Ray McCreesh was 24 when he died on hunger strike, the second youngest of four brothers and three sisters. He went to technical college, was a sheet metal worker. He was caught in an ambush in Beleeks in June `76. He was 19. There was a shoot-out. He was taken to Bessbrook and charged with attempt to kill. He got 14 years in March 1977. He refused to recognise the court. He refused to conform and forfeited visits. The only time he saw his parents was the one visit he took to tell them he was going on hunger strike.

He was an ordinary person, young, like so many others. They were driven into positions of leadership. Difficult decisions, dealing with opponents, media and propaganda, negotiating with some of the most skilled and duplicitous politicians. The prison protest proved that all of us are capable.

Betrayal of Principle? The end of a phase

The no wash protest was ended. It was a very difficult period. It was hard. Some saw it as a betrayal of those who had died - even a capitulation to defeat. Others saw it as a protracted and indefinite protest which was going nowhere. We decided to end that phase, to move into mixed wings and fight for segregation.
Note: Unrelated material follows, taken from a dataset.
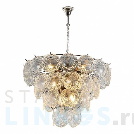 Поставщик рекомендует использовать лампы накаливания с цоколем E14. Подвесная люстра iLamp Rockfeller P2549-12 NIC в используется в интерьере гостиной с установкой на потолок.
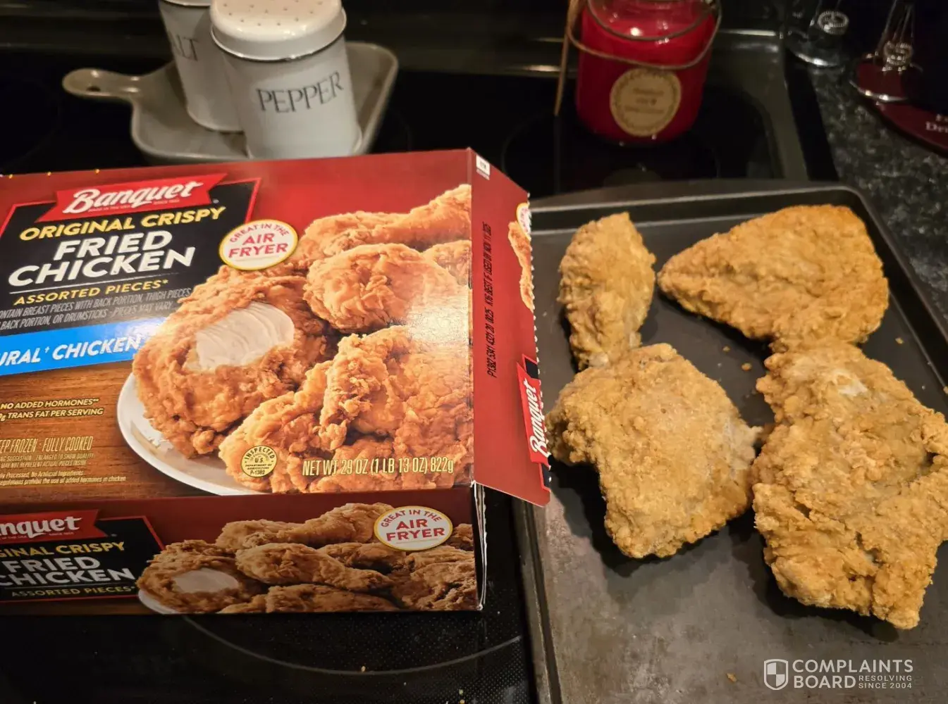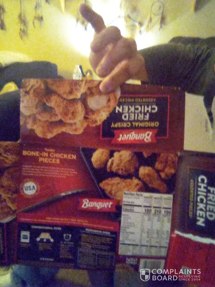 I purchase a box of banquet original fried chicken it only had 4 pieces of chicken in it 2 breaststroke and 2 thighs this product is too expensive for you to rip off the consumer. I will never buy again. And will let others know about my experience.

We took a decision to avoid being locked behind the doors.

We fought and won the battle for segregation. It took a year of physical battles, bombs under beds, heavy stuff. It was a very intense period of struggle. The loyalists and crims were moved out.

A small group planned the 1983 escape. A guerrilla lesson is to know the enemy, to know their strengths and weaknesses, so you can concentrate a greater force at their weakest points. We set about to find these out

The screws loved the `dirty protest'. Naked men are vulnerable. But clothed, 30 or 40 men, moving about the wing, and 6 screws then they were outnumbered, intimidated, tension always there. One morning there might suddenly be 30 men around them.

False Sense of Security

The screws believed we'd been defeated, thought that `we can best them, walk all over them'. They were lulled into a false sense of security which opened the way to intelligence gathering. Who were the hard men, who weren't. Who would buckle. Enough information to compromise individuals. We confused them. The escape followed, from what the media described as the highest security prison in Europe.

This led us into a new phase, where the prison staff went on the offensive against republicans. Republicans were forced onto the defensive, against the constant effort to reintegrate the wings. The question was `How do we get the initiative back?' a sense of our own strategy.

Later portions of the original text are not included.